Он прошел дальше вдоль кромки, разглядывая масштабы своеобразной братской могилы. Словно показывая, что он лезет в чужое хозяйство, в десяти шагах от него из плоской поверхности зеленого бархата болотного ковра высунулось непонятно что, проскользнув длинным, толстым телом, похожим на гофру земляного червя, снова ушло на глубину, заставив Сашку отступить от болота, выхватить клинок.
– Тьфу, нечистая сила, в рот тебе ноги. Напугал, зараза. Инвалидом сделать хочешь?
Кветан тронул за плечо.
– Идем, глянешь, батька.
– Чего тут еще глядеть? И так все ясно.
– Идем.
Кветан указал на десяток свежих трупов, судя по всему сегодняшний сброс. Изуродованные неимоверно, с вырванными кадыками, выгрызанными кусками плоти, перепачканные кровью, сломанными куклами они валялись в одном месте.

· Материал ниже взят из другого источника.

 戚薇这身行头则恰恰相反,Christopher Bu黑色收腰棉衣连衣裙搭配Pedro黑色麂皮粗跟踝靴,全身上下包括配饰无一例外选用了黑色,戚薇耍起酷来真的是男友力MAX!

– Вон тот купчина, который ехал с возницей на одной телеге. Теперь ясно, что это точно наш караван вели.
Издали, с левой стороны от сгрудившихся у болота бойцов, послышался безутешный горький плач, заставивший сжаться сердца. Юнцы без команды ломанулись в ту сторону. Стадное чувство заставило Горбыля бежать вместе со всеми. Кому-то, кто выжил, требовалась помощь.
У самого болота, у мелкого кустарника, сидела красивая девушка с распущенными, спутанными волосами. Слезы лились потоком из светло-синих глаз, с шеи на вышитую рубашку струилось монисто речного жемчуга, бликуя искрами под лучами пробившегося через листву солнца. Она протянула руки к подбежавшему первым Наседе, и тот послушно подал навстречу свои, завороженный красотой незнакомки.

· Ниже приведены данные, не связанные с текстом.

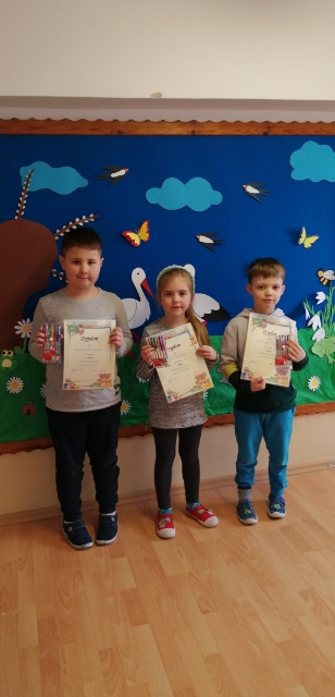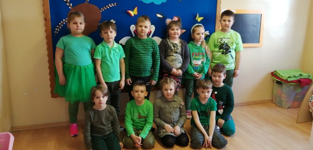 22 marca dzieci z oddziału przedszkolnego witały wiosnę. Tego dnia przyszły do przedszkola ubrane na zielono. Wzięły udział w konkursie plastycznym pt. „Portret Pani Wiosny”.

– Сто-ой! – послышался позади толпы голос Жвара. Злодейка, уцепившись за руки юнца, с невероятной силой потянула парня за собой в топь. Горбыль на автомате ухватил своего воина за широкий кожаный ремень, уперся, не давая красавице исполнить мерзкий план. Юнцы от происходящего действа встали в ступор. Жвар, протиснувшись между живыми статуями, проскочив мимо Горбыля и Наседы, от всей души взмахнул саблей из-за спины, снес красивую голову с лебединой шеи.
– Вх-хы, – выдохнул на излете клинка.
Голова покатилась в болото, а из освобожденного от головы среза Наседу обрызгало струей жидкости, отдаленно напоминающей кровь. Сила безголовой красавицы ослабла, хватка рук осталась. Горбыль вместе с Наседой выдернул из болота тело девицы, увидев которое от отпустившего напряжения и нервов зашелся безудержным смехом. Красивые изгибы тела под рубахой, высокая грудь и аппетитная задница заканчивались толстыми гусиными лапами с грубой кожей и черными перепонками ласт.

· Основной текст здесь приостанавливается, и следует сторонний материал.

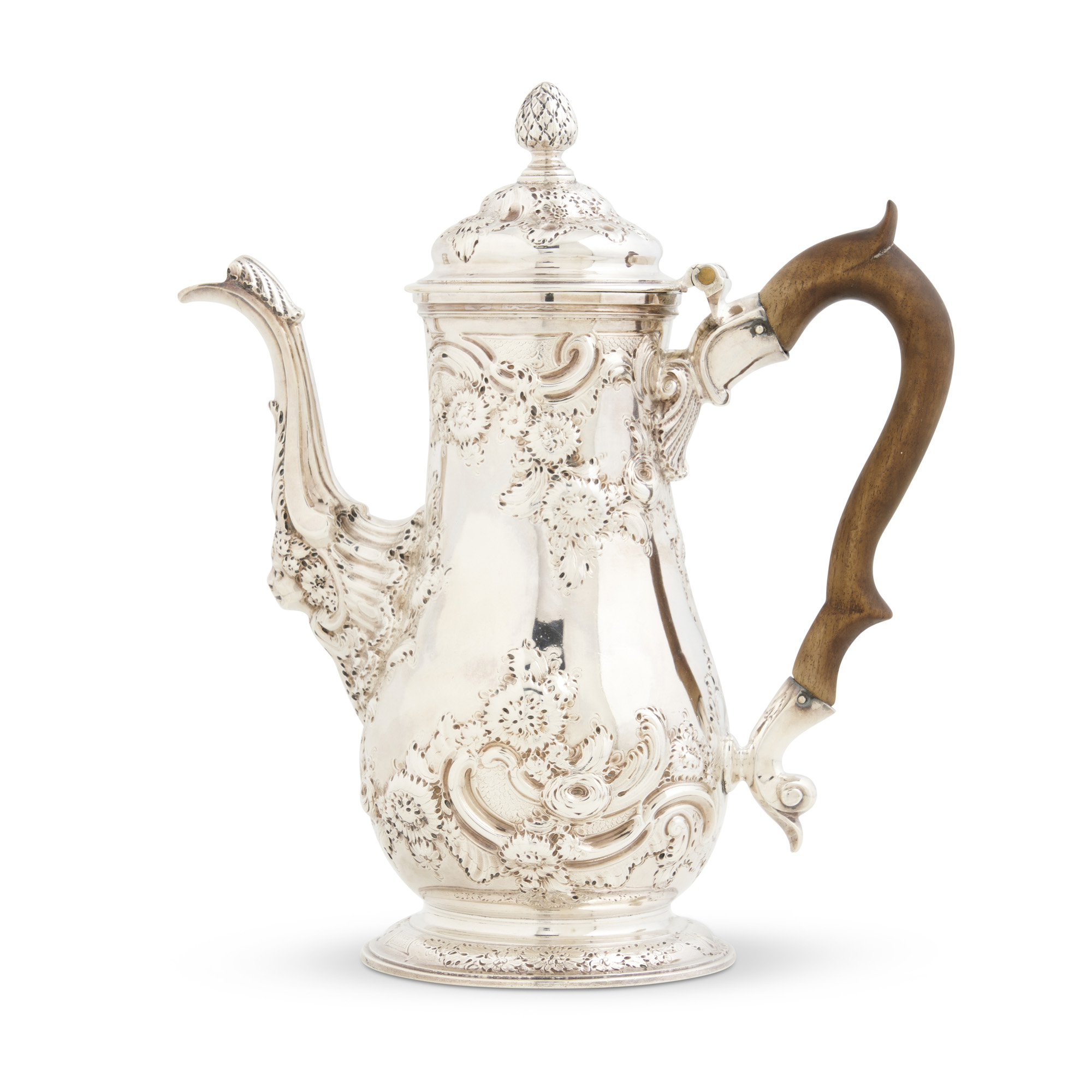 Of baluster shape with scrolling hardwood handle on a circular foot, the domed cover with cone finial, the cover, body, and foot worked in relief with flowers and foliage, and the base of the spout with the head of a man, engraved to one side with a crest of a dove

– Болотница это! – отдуваясь от бега, выпалил Жвар. – Почитай, сродственница русалки. Я же кричал, стой! Али не слышал никто?
– Молодец, Жвар, в этом цирке хоть один умный нашелся.
– Спасибо, батька! – наконец-то избавившись от рук болотной нежити, пролепетал Наседа.
– Жвара благодари. Домой вернемся, седмицу казарму драить будешь. В одиночку! Чтоб знал в следующий раз, куда руки протягивать.
– Батька! – Мал перстом показывал на болото, выпучив глаза от удивления.
Все глянули в указанном направлении. У сухой березы, на кочке сидел, держа в руке сучковатый посох, седой дедок с широким желтым лицом. Заметив, что на него смотрят, поднял кулак вверх, вытянутым указательным пальцем погрозил, скорее всего, конкретно Горбылю:
– Попомнишь еще!
Разнесся над болотом скрипучий голос.
– Не грози, угребище. За болотом бы своим смотрел лучше. Устроил здесь залежи триппера. Старый маразматик!
Горбыль сложил левую руку на внутреннюю сторону локтя правой руки, приподняв резко кулак в характерном жесте. Отвернувшись и демонстративно больше не обращая внимания на деда, отдал приказ:
– По коням!
Уже выходя из леса и умостившись в седле, спросил:
– Жвар, что за крендель был на болоте?
– Батька, это болотняник, родич водяного. Хозяин этого болота.
– Ну, я где-то так и представлял. Все! Двинулись дальше.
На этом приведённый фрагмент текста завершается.